[Opening Dataset section]

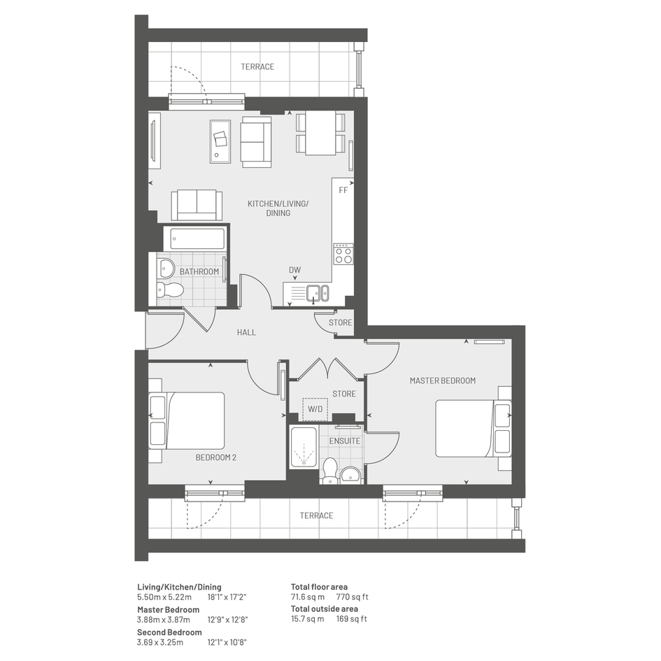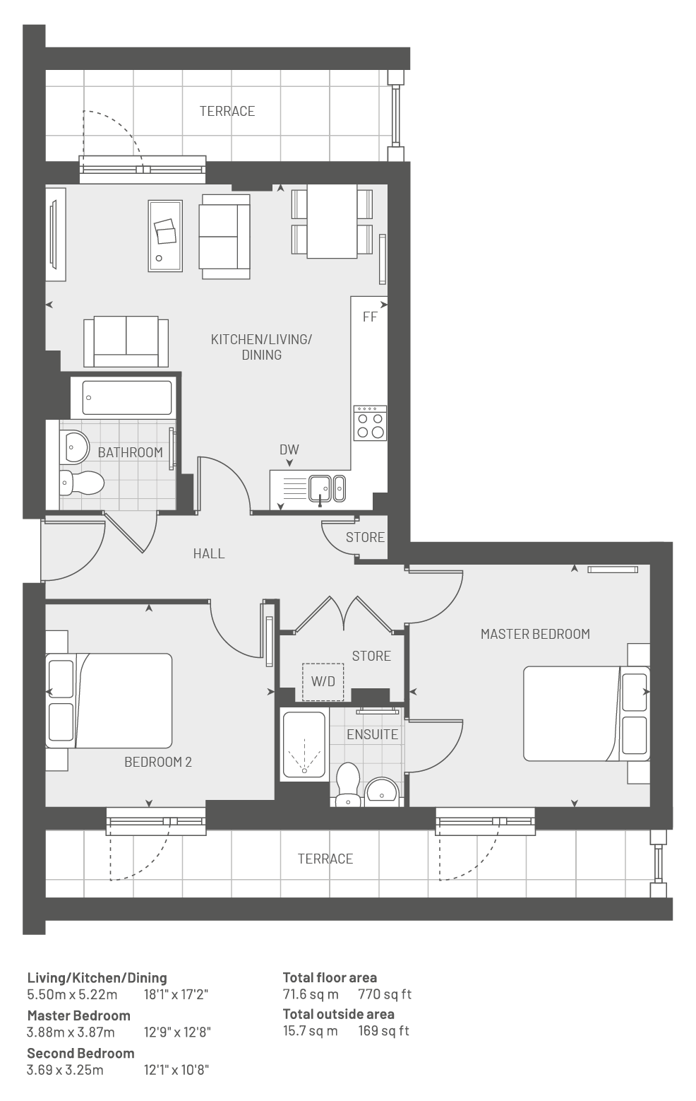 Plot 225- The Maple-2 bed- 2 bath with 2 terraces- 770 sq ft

[Closing Dataset section]
[Opening Dataset section]

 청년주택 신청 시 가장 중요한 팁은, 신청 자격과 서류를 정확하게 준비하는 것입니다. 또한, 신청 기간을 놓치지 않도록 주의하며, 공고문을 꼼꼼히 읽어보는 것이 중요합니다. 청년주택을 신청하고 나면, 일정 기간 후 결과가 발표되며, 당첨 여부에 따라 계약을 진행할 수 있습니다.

[Closing Dataset section]
[Opening Dataset section]

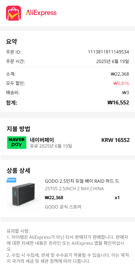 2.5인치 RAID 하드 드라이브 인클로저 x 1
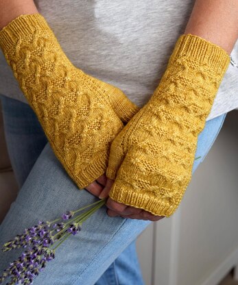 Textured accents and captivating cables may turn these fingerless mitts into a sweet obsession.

[Closing Dataset section]

▶ _Exercise brief_:
Return the lines above from the one with "2.5인치 RAID 하드 드라이브 인클로저 x 1" through the one with "Textured accents and", verbatim and nothing else. Omit every picture.

▶ _Written answer_:
 2.5인치 RAID 하드 드라이브 인클로저 x 1
 Textured accents and captivating cables may turn these fingerless mitts into a sweet obsession.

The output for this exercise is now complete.